Even Indianapolis-based mall owner Simon Property Group Inc., which for years has used its vast national presence to its advantage in negotiations, has seen the spread between new and existing leases narrow.

“It’s still a very, very tough business,” CEO David Simon said last month at an investor conference in Chicago. “And demand from tenants is better, but it’s not like it was. Obviously, the rent dynamics with lower sales are tougher for landlords.”

Landlords are most vulnerable when leases that by today’s standards are above-market come up for negotiation.

Locally based shopping center owner Kite Realty Group Trust occasionally sees expirations for small-shop tenants paying per-square-foot rent in the high $20s or low $30s—far above the nearly $21 average for small shops companywide.

“But it’s not enough against the entire portfolio that we’re worried significantly,” CEO John Kite said in a conference call with analysts in May.

He downplayed the potential risk of falling rents. He noted that the average rent for big-box tenants already is less than $10 per square foot.

“So we are operating in an area that we think we don’t have a lot to give up,” he said.

Brightpoint, former exec brawl

Brightpoint Inc. and a former senior executive who also served on its board are brawling in court on two continents.

The Indianapolis-based wireless phone distributor charges that Steen Pedersen violated agreements to protect confidential information and not to compete with the company while he worked there or for two years afterward.

Pedersen, on the other hand, argues Brightpoint failed to pay him thousands of dollars due under a settlement and severance agreement he signed in connection with his July 2008 resignation as president of European operations.

Pedersen joined Brightpoint in 2007 in conjunction with the company’s purchase of Denmark-based Dangaard Telecom.

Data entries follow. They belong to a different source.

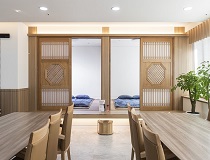 대교뉴이프 '김해센터'는 현대적으로 해석한 전통의 아름다움을 바탕으로 이용자 어르신들을 최우선적으로 고려하였습니다. 전용 약 160평형의 넓은 공간을 바탕으로 주생활공간을 구성하고 선택형 프로그램, 사생활이 존중되는 휴식,건강관리 등 필요한 서비스를 독립적인 공간에서 이용할 수 있도록 배려한 점이 돋보입니다.
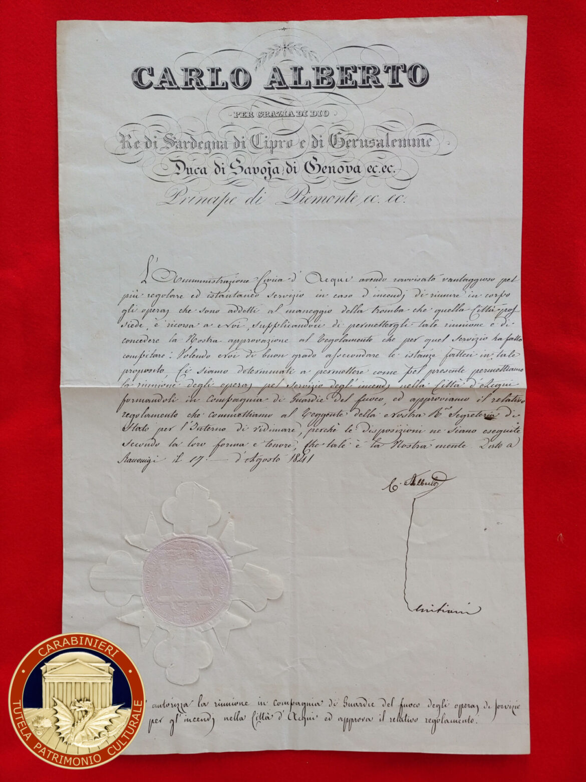 Comandante del Nucleo Carabinieri Tutela Patrimonio Culturale e del Sindaco di Acqui Terme, avverrà la formale riconsegna del documento di natura pubblica per la ricollocazione al suo fondo originario.
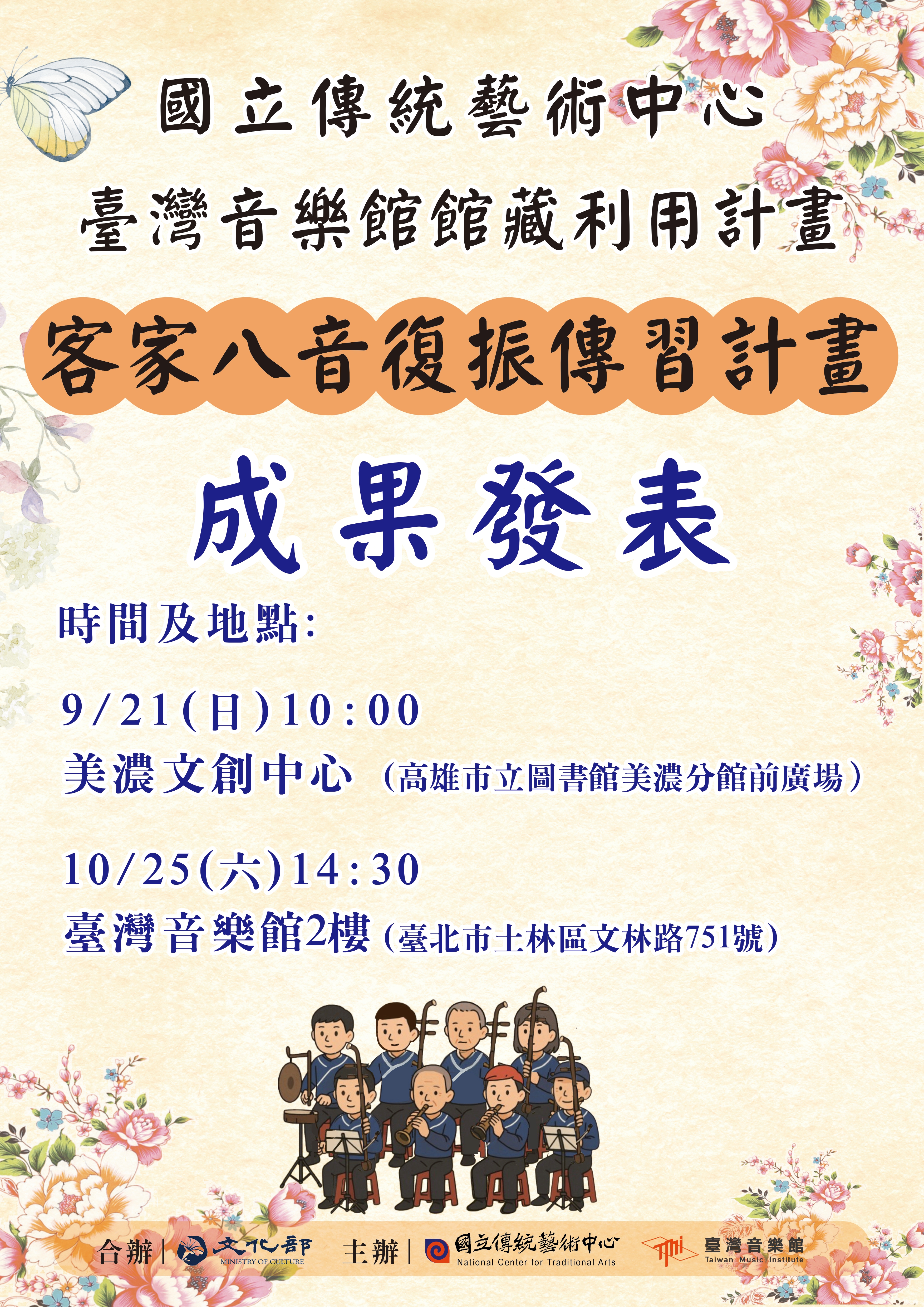 歷經上半年的整理研究與傳習課程後,本計畫復振成果將於十月底起陸續於臺北登場。首場由美濃客家八音團率先開演,於10月25日在臺灣音樂館2樓登場。作為文化部公告的「客家八音傳統表演藝術保存者」,美濃客家八音團以深厚文化底蘊重現昔日陪伴婚喪喜慶、祭典儀式的樂聲。本次由謝宜文團長率領樂師及參與計畫的青年共同演奏,展現自祖輩傳承至今的樂曲,象徵這項重要傳統藝術的延續與再生。

He had been a founder and the CEO of Dangaard, which Brightpoint scooped up for $385 million in stock and the assumption of $350 million in debt.

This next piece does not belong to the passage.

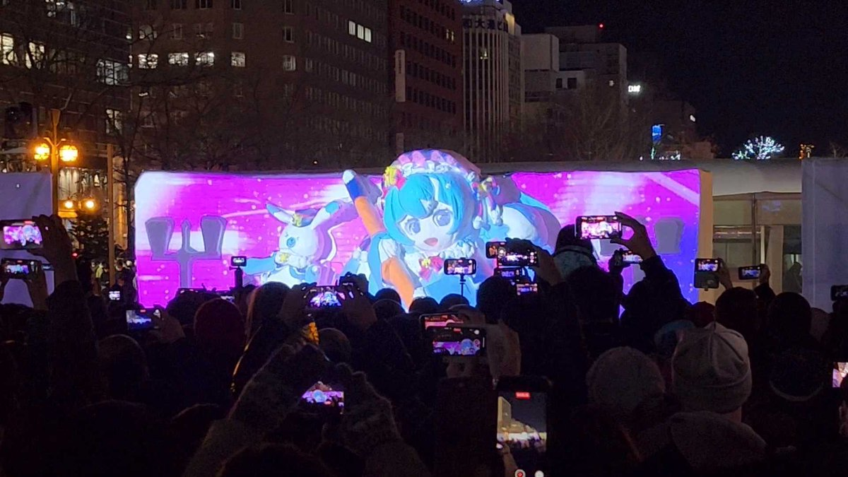 また、同会場には中雪像「雪ミク 冬麗(ふゆうらら) Ver.」も設置されており、雪まつり期間中は毎晩「SNOW MIKU 2023 音と光のスペシャルショー」も実施しておりました。こちらのショーも同じく実証実験を兼ねており、スペシャルショーの実施時間は「SNOW MIKU 2023」のイベントテーマソング『SnowMix♪』に合わせて、さっぽろテレビ塔、氷の楽器、雪像の全てが連動して色鮮やかな光で会場を盛り上げました。
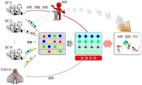在以數(shù)據(jù)驅(qū)動業(yè)務(wù)的模式中,數(shù)據(jù)中心將集中匯聚來自于各個業(yè)務(wù)部門及社會公眾的海量數(shù)據(jù)。以指標體系為框架,將跨部門、跨領(lǐng)域的各類數(shù)據(jù)按照一定的秩序和內(nèi)部聯(lián)系進行組織,形成統(tǒng)一的數(shù)據(jù)資源體系。以數(shù)據(jù)資源體系為基礎(chǔ),通過構(gòu)建各類監(jiān)測評價和分析應(yīng)用服務(wù),實質(zhì)性響應(yīng)日常管理和領(lǐng)導(dǎo)決策中的個性化需求,同時支持決策結(jié)果通過指標體系直接反饋到各部門、各系統(tǒng),從而形成“決策”→“工作布置”→“工作落實”→“監(jiān)測評價”→“再決策”這個不斷循環(huán)的業(yè)務(wù)閉環(huán)。

Brightpoint charges in a Marion County lawsuit that Pedersen isn’t due severance because of his “disloyalty.” The company charged that, while he was working for Brightpoint, he “affiliated himself” with two companies within Denmark’s Fleggard Group that competed with Brightpoint.

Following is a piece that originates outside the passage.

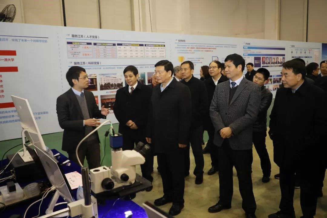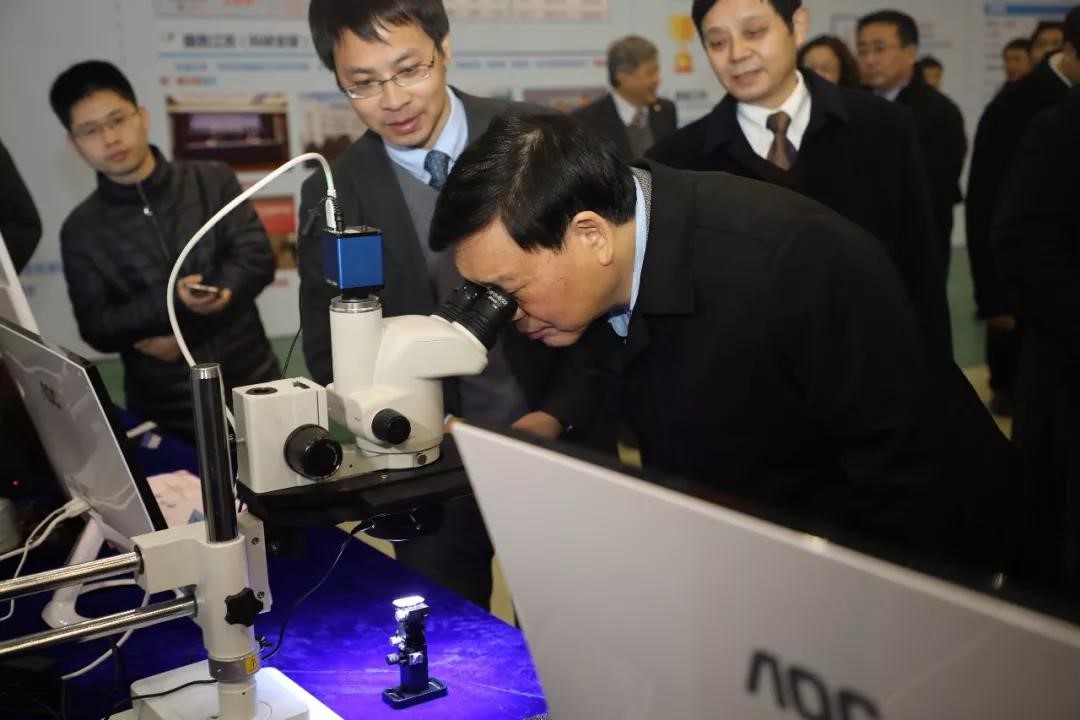 2月13日,江苏省委书记娄勤俭莅临南京航空航天大学调研。娄书记一行在校党委书记郑永安、校长聂宏的陪同下参观了在我校无人机研究院总装联试厂房举办的“南京航空航天大学科技成果展”,查看了我校在信息通信、航空装备等领域的科技创新情况和服务江苏等方面的突出成果。 在本次成果展中,我实验室在信息通信展区展示了微波光子学相关的最新技术成果。我室主任潘时龙教授代表我室向省领导依次介绍了高分辨率微波光子成像雷达、微波光子芯片、低相位噪声光电振荡器及超高精度光矢量分析仪,并与两位省市领导亲切互动。娄书记在了解到微波光子雷达能够实现高分辨率实时成像,在军事和民用领域都有着广泛的应用时,他指示要尽快将该技术和智能驾驶汽车相结合;他在了解到该团队的博士生已经将领先国外水平的超高精度光矢量分析仪成功创业、今年预计产值达两千万元,并为省内企业完成国家重点基础建设提供巨大支持时,连连点头称赞。娄书记鼓励实验室同学们勤奋学习、认真科研、多出成果,为国家科技进步做贡献。 |

Worse, Brightpoint says, Pedersen helped one use the trademarked “Dangaard” name, creating confusion in the marketplace, while the other bought phones from his Brightpoint unit at an overall loss to Brightpoint.

“Ultimately, Pedersen’s superior (albeit substantially undisclosed) loyalty to the Fleggard Group triumphed, and he resigned from Brightpoint,” the Indianapolis company said in its suit.

Pedersen “certainly denies” the allegations in Brightpoint’s suit, said one of his attorneys, Krieg DeVault partner Scott Morrison.

Pedersen started the legal battle in Denmark in March 2009. Brightpoint filed its case here a month later. A judge dismissed the local case in November, in part because of the similarity of the issues in the Danish case. The Indiana Court of Appeals in June upheld the ruling.

It’s not clear whether Brightpoint intends to ask the Indiana Supreme Court to review the decision. An attorney for the company could not be reached for comment.

Biglari buying Red Robin shares

Biglari Holdings Inc., parent of Steak n Shake, has amassed a 6-percent stake worth more than $19 million in one of its rivals, Red Robin Gourmet Burgers.

The stake, disclosed in a regulatory filing this month, has touched off speculation that CEO Sardar Biglari will make a run at buying the Connecticut-based firm.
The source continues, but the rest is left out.